#### Dataset excerpt
******

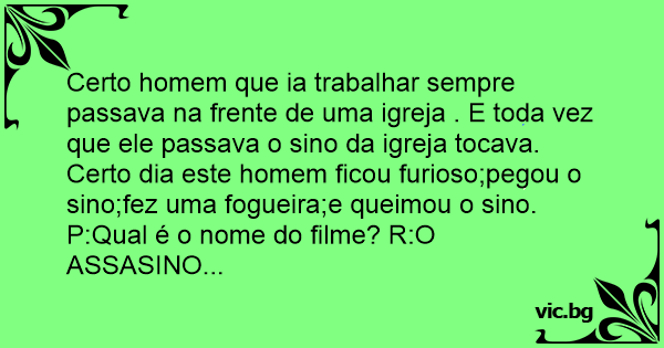 Certo homem que ia trabalhar sempre passava na frente de uma igreja . E toda vez que ele passava o sino da igreja tocava. Certo dia este homem ficou furioso;pegou o sino;fez uma fogueira;e queimou o sino. P:Qual é o nome do filme? R:O ASSASINO...
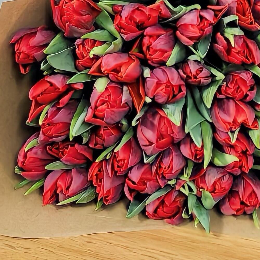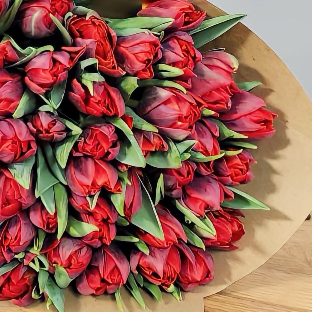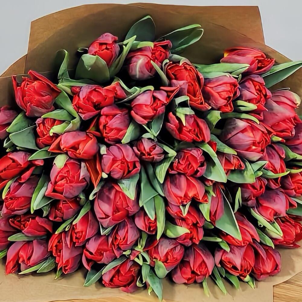Букет из 49 красных тюльпанов в крафте. За счет невероятной работы наших флористов, букет подходят для любого повода, чтобы порадовать вашу девушку, жену, маму, коллегу, бабушку, сестру или просто знакомую. Не упускайте возможность сделать приятно своим близким.
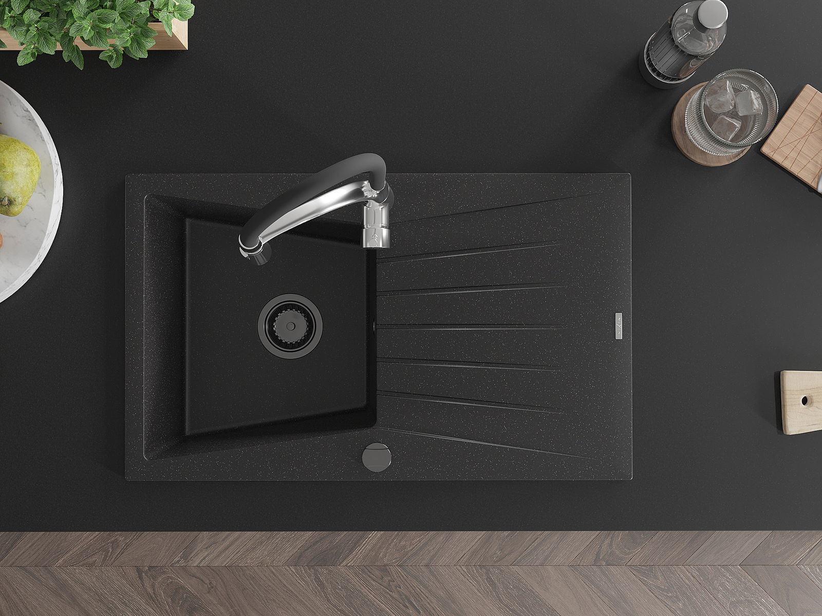 La surface de l'évier est très bien trempée et se distingue par une résistance exceptionnelle aux dommages mécaniques et aux rayures. Ce matériau durable vous permettra de profiter de son bel aspect pendant de nombreuses années.
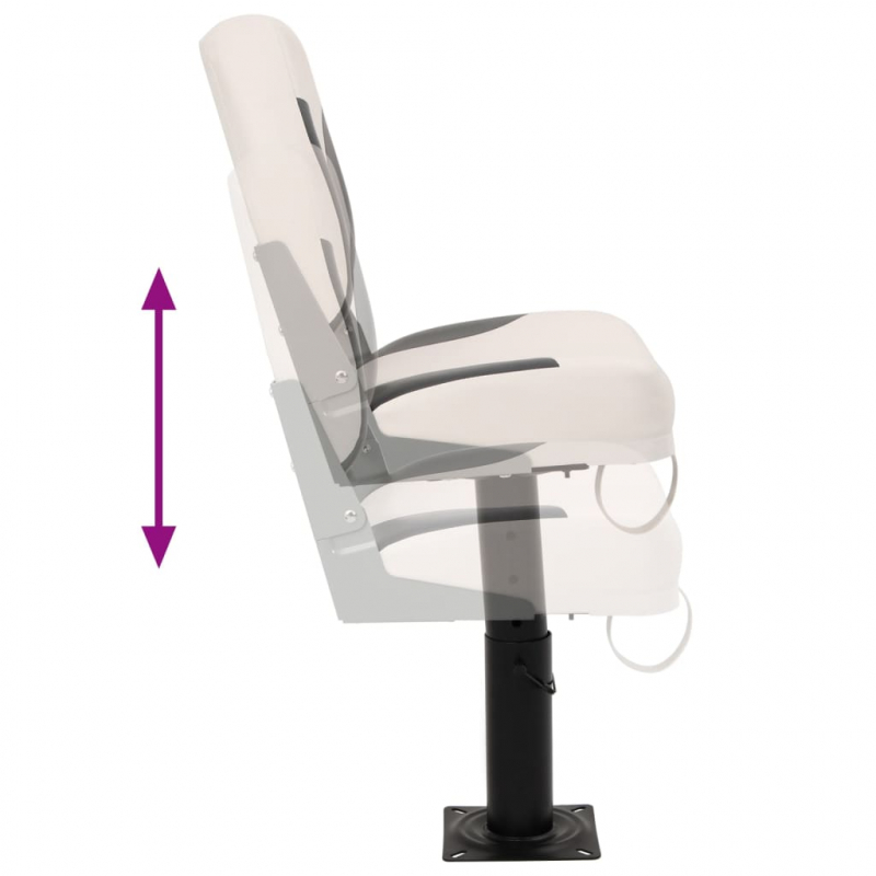 Dieses praktische Bootssitz-Set ist eine großartige Bereicherung für dein Boot. Einfache Reinigung: Dieser Bootssitz besteht aus PVC und PU, wodurch er wasserfest ist und sich auch leicht reinigen und schnell trocknen lässt.Langlebiges Material: Der Bootssitz-Sockel besteht aus Stahl und ist daher robust und auf eine lange Lebensdauer ausgelegt. Die schwarze Pulverbeschichtung bietet zusätzlichen Schutz vor der rauen Meeresumgebung.Bequem: Dieser Bootssitz besitzt eine Rückenlehne, die mit Kompressionsschaum gepolstert ist. So genießt du den ganzen Tag über eine angenehme und rückenschonende Sitzposition.Klappdesign: Die Rückenlehne lässt sich bei Nichtgebrauch herunterklappen. Darüber hinaus erhöht der eingenähte Befestigungsgurt sowohl die Haltbarkeit als auch den Komfort beim Tragen und Aufbewahren.Höhenverstellbar: Dieses Stuhlbein lässt sich zwischen 28 cm und 45,5 cm in der Höhe verstellen, um unterschiedlichen Anforderungen gerecht zu werden.Universell kompatibel: Dieser Stuhlfuß eignet sich für alle Bootssitze mit flacher Unterseite oder bei denen die Lochgröße mit Kugellagern kompatibel ist, um unterschiedlichen Anforderungen gerecht zu werden. Gut zu wissen:Die Befestigungsschrauben für das Drehgelenk sind nicht im Lieferumfang enthalten.

******

#### Assignment
Transcribe the whole listing exactly as it stands, apart from the pictures.

#### Exercise response
 Certo homem que ia trabalhar sempre passava na frente de uma igreja . E toda vez que ele passava o sino da igreja tocava. Certo dia este homem ficou furioso;pegou o sino;fez uma fogueira;e queimou o sino. P:Qual é o nome do filme? R:O ASSASINO...
Букет из 49 красных тюльпанов в крафте. За счет невероятной работы наших флористов, букет подходят для любого повода, чтобы порадовать вашу девушку, жену, маму, коллегу, бабушку, сестру или просто знакомую. Не упускайте возможность сделать приятно своим близким.
 La surface de l'évier est très bien trempée et se distingue par une résistance exceptionnelle aux dommages mécaniques et aux rayures. Ce matériau durable vous permettra de profiter de son bel aspect pendant de nombreuses années.
 Dieses praktische Bootssitz-Set ist eine großartige Bereicherung für dein Boot. Einfache Reinigung: Dieser Bootssitz besteht aus PVC und PU, wodurch er wasserfest ist und sich auch leicht reinigen und schnell trocknen lässt.Langlebiges Material: Der Bootssitz-Sockel besteht aus Stahl und ist daher robust und auf eine lange Lebensdauer ausgelegt. Die schwarze Pulverbeschichtung bietet zusätzlichen Schutz vor der rauen Meeresumgebung.Bequem: Dieser Bootssitz besitzt eine Rückenlehne, die mit Kompressionsschaum gepolstert ist. So genießt du den ganzen Tag über eine angenehme und rückenschonende Sitzposition.Klappdesign: Die Rückenlehne lässt sich bei Nichtgebrauch herunterklappen. Darüber hinaus erhöht der eingenähte Befestigungsgurt sowohl die Haltbarkeit als auch den Komfort beim Tragen und Aufbewahren.Höhenverstellbar: Dieses Stuhlbein lässt sich zwischen 28 cm und 45,5 cm in der Höhe verstellen, um unterschiedlichen Anforderungen gerecht zu werden.Universell kompatibel: Dieser Stuhlfuß eignet sich für alle Bootssitze mit flacher Unterseite oder bei denen die Lochgröße mit Kugellagern kompatibel ist, um unterschiedlichen Anforderungen gerecht zu werden. Gut zu wissen:Die Befestigungsschrauben für das Drehgelenk sind nicht im Lieferumfang enthalten.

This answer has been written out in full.